As mandated by law, the state Land Use Commission (LUC) is plowing ahead, along with affected landowners and stakeholders, to see through the state’s Important Agricultural Lands (IAL) policy. But is the decades-long vision for a robust farming industry a mere mirage?
In 1978, the Constitutional Convention added a section to Hawaii’s Constitution requiring agricultural protection, self-sufficiency and diversification — but it wouldn’t be until 2005 that the Legislature enacted the IAL law to protect agriculture tracts statewide, with criteria for defining such lands and processes to preserve them. Incentives followed, such as tax credits for landowners, enabling big stakeholders such as Castle & Cooke, Alexander & Baldwin and Kamehameha Schools to voluntarily commit thousands of acres to be preserved for ag.
In all, the city has identified 41,407 acres as IAL on Oahu — a complex mapping that goes to LUC public hearing on Wednesday; it includes 1,781 parcels of private farmland covering some 11% of Oahu.
It’s an unprecedented process for mandatory ag preservation that could well draw challenges from some of the 1,800 landowners, with no clear method for mitigation.
All that uncertainty is compounded by uneasiness over the goal, as signs mount that the noble farming cause may already be lost.

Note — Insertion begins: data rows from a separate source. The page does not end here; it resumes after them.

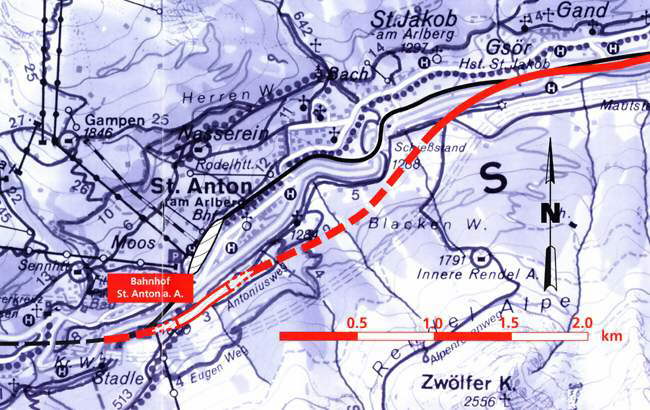 St. Anton am Arlberg hat seine Bahn aus dem Ort in ein Tunnelsytem verlegt und einen neuen Bahnhof errichtet.Realisierungszeit incl. Planung und Genehmigung 4,5 Jahre! (siehe unten)Änderung der Trasse auf 6,5 km.
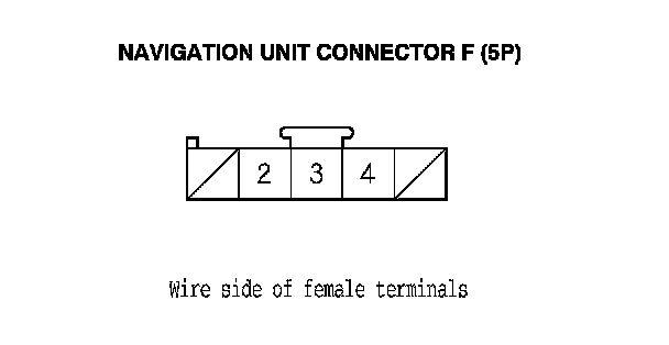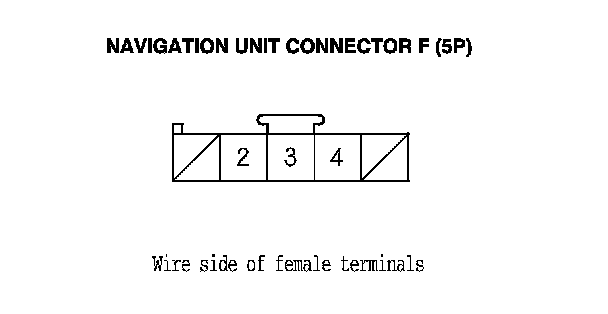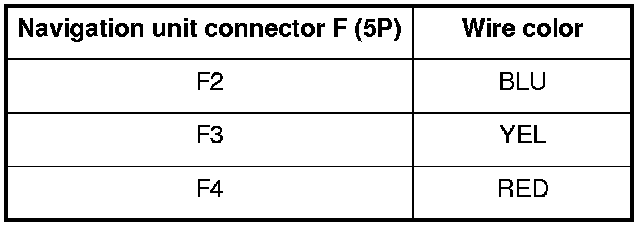 5. Check for continuity between each wire in the navigation unit connector F (5P) according to the table.
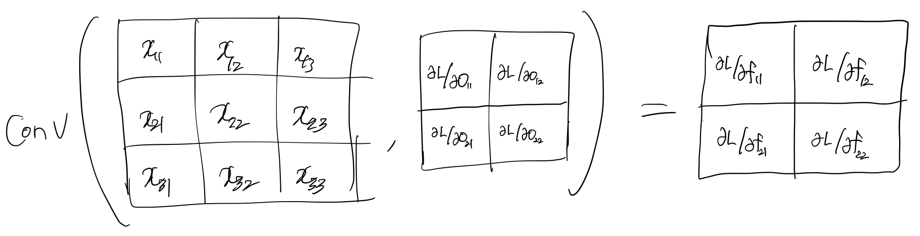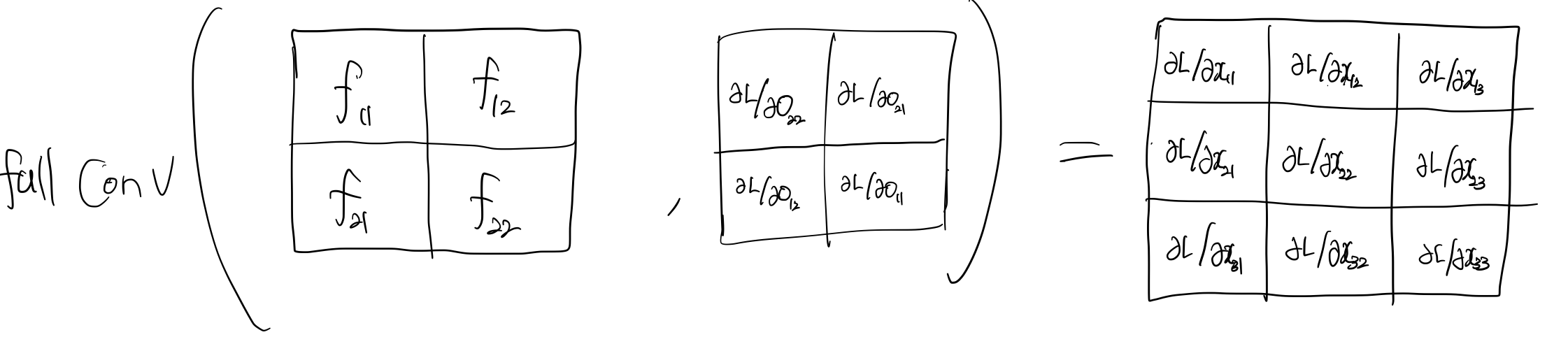 upstream gradient인 $\dfrac{\partial L}{\partial O_{ij}}$와 함께 계산된다. 근데 잘 살펴보면, upstream gradient와 입력 데이터간에 convolution임을 눈치챌 수 있다.
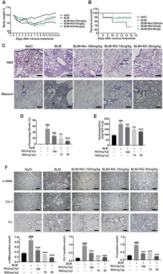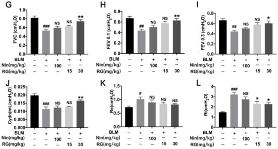 2.1. RG Attenuates BLM-Induced Pulmonary Fibrosis in Mice
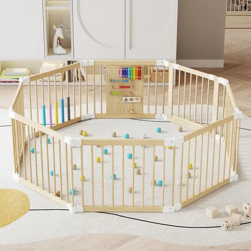 EXPERLAM Corralito para bebés – Corralito de madera para bebés y niños pequeños, corralito plegable con puerta de bloqueo, valla portátil para bebés
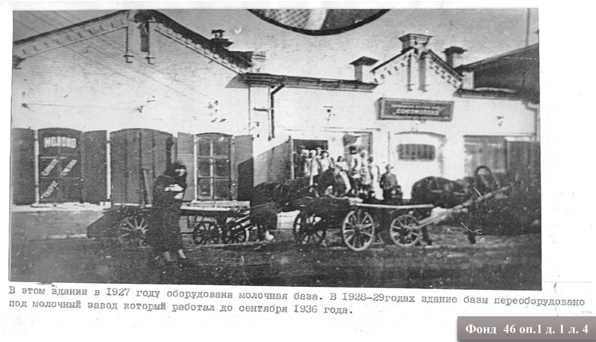 В конце 1928 года в здании, занимаемом базой по приемке молока, было установлено оборудование: парокотел, сепаратор, насос для перекачивания молока, мешалочный пастеризатор, ручная мороженица, деревянные чаны для нормализации сметаны и выработки творога и другое оборудование. На территории базы заготавливался лед, на втором этаже здания была оборудована лаборатория. В первые годы выпускалось в сутки 200 литров молока во флягах, 100 литров – в бутылках, простокваша в фарфоровых кружках – до 100 кружек, кефира до 400 бутылок в сутки. Мороженного вырабатывалось до 60 кг в сутки, сырков творожных до 30 ящиков, весового творога – 100 кг. Рабочий день был ненормированным, работали столько, сколько требовалось для переработки поступившего молока. (Отдел по делам архивов, ф. 46 оп. 1 д. 1 л. 5).
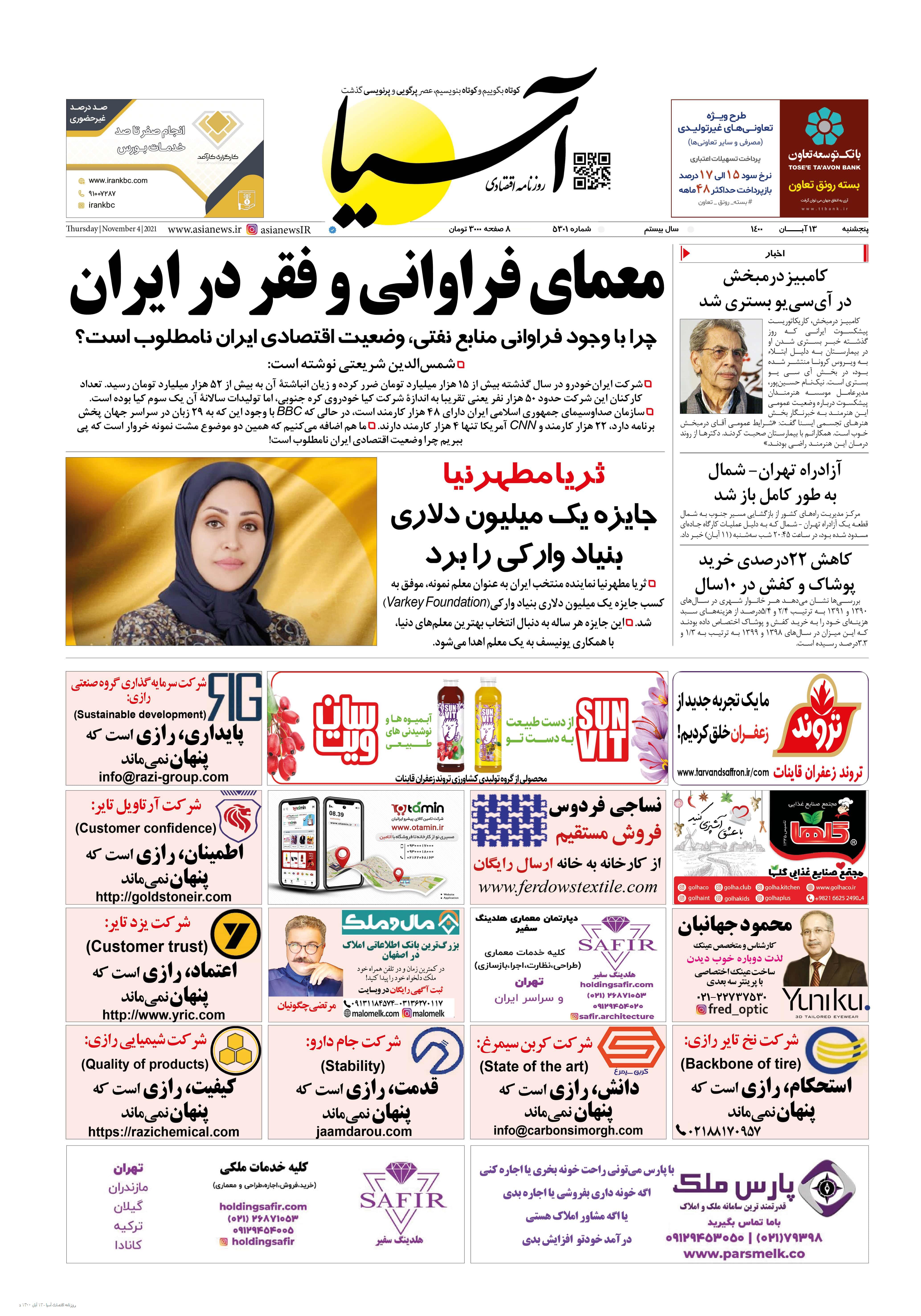 روزنامه اقتصادی آسیا - ۱۳ آبان ۱۴۰۰
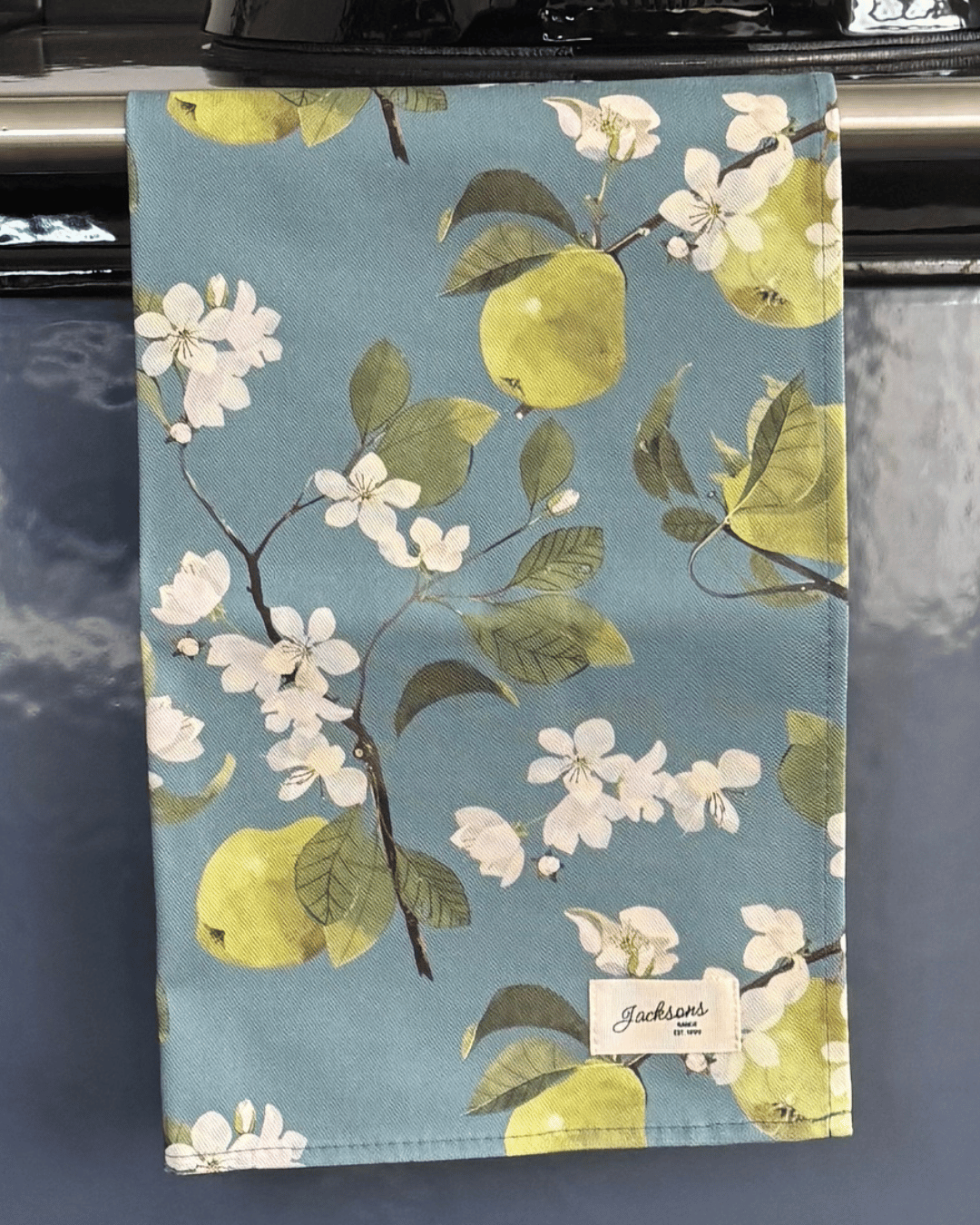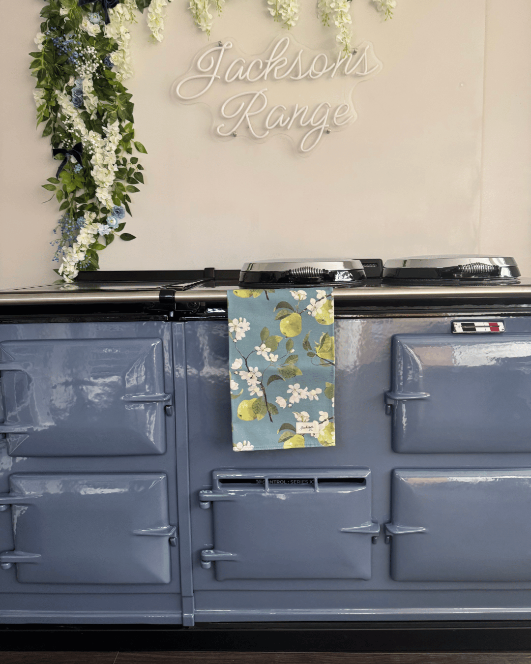 A beautiful Pear Tree tea towel for any range cooker owner! Our simple design can be matched with insulated hob covers, hanging towels and gauntlets! Extremely high quality, made from 100% cotton, and a loop located on the top left corner to hang up easily. Bringing a homely feel to any style of kitchen, finished with our ‘Jacksons Ranges’ woven cotton label.

Much has changed in the 40-plus years since the Con Con codified the continuance of agriculture as sugar was dying in the 1970s, and then pineapple in the 1990s. The intent to protect lands to keep farming prominent, and attempts to diversify, are running up against the hard wall of reality.
Nowhere is that clearer than in a thought-provoking University of Hawaii Economic Research Organization briefing paper last month by Sumner La Croix and James Mak, “Reviving Agriculture to Diversify Hawaii’s Economy.”
It underscores the difficulty for small farms here, which have tended to perform poorly. In 2017, for instance, 78% of local farms had annual sales of under $25,000; 57% of local farms saw net losses in 2017. “Overall,” the report noted, “farming here has not been a very profitable business recently.”
Further, the University of Hawaii researchers call the state’s strategies to revive agriculture faulty and extremely costly. And pointedly: “The IAL program is also deeply flawed. Landowners of prime agricultural land dedicate their land to long-term use in agriculture in exchange for an array of benefits supplied by the state and counties.
“Promised benefits from the state and counties have, however, not materialized.”
It’s amid this landscape that the Land Use Commission will be vetting the city’s IAL map. Whatever Oahu’s agricultural future, only one thing is certain: It will be a tough row to hoe.